Simple (albeit stupid) example:
// rand.php
return rand(0, 999);
// index.php
$file = 'rand.php';
while($i++ < 1000){
echo include($file);
}
Again, while ridiculous, this pair of scripts dumps 1000 random numbers. However, for every iteration, PHP has to hit the filesystem (Correct? There is no inherit caching functionality I’ve missed, is there?)
Basically, how can I prevent the previous scenario from resulting in 1000 hits to the filesystem?
The only consideration I’ve come to so far is a goofy one, and it may not prove effective at all (haven’t tested, wrote it here, error prone, but you get the idea):
// rand.php
return rand(0, 999);
// index.php
$file = 'rand.php';
$cache = array();
while($i++ < 1000){
if(isset($cache[$file])){
echo eval('?>' . $cache[$file] . '<?php;');
}else{
$cache[$file] = file_get_contents($file);
echo include($file);
}
}
A more realistic and less silly example:
When including files for view generation, given a view file is used a number of times in a given request (a widget or something) is there a realistic way to capture and re-evaluate the view script without a filesystem hit?

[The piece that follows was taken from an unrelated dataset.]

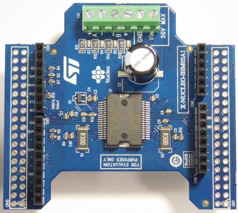 The X-NUCLEO-IHM05A1 is a bipolar stepper motor driver expansion board based on the L6208 driver for bipolar stepper motors. It provides an affordable and easy-to-use solution for driving bipolar stepper motors in STM32 Nucleo projects. The X-NUCLEO-IHM05A1 is compatible with the Arduino UNO R3 connector, and supports the addition of other STM32 expansion boards with a single STM32 Nucleo board. The user can also mount the ST Morpho connector.

This would only make any sense if the include file was accessed across a network.
All operating systems are very highly optimized to reduce the amount of physical I/O and to speed up file operations. On a properly configured system in most cases, the system will rarely revert to disk to fetch PHP code. Sit down with a spreadsheet and have a think about how long it would take to process PHP code if every file had to be fetched from disk – it’d be ridiculous, e.g. suppose your script is in /var/www/htdocs/index.php and includes /usr/local/php/resource.inc.php – that’s 8 seek operations to just locate the files – @8ms each, that’s 64ms to find the files! Run some timings on your test case – you’ll see that its running much, much faster than that.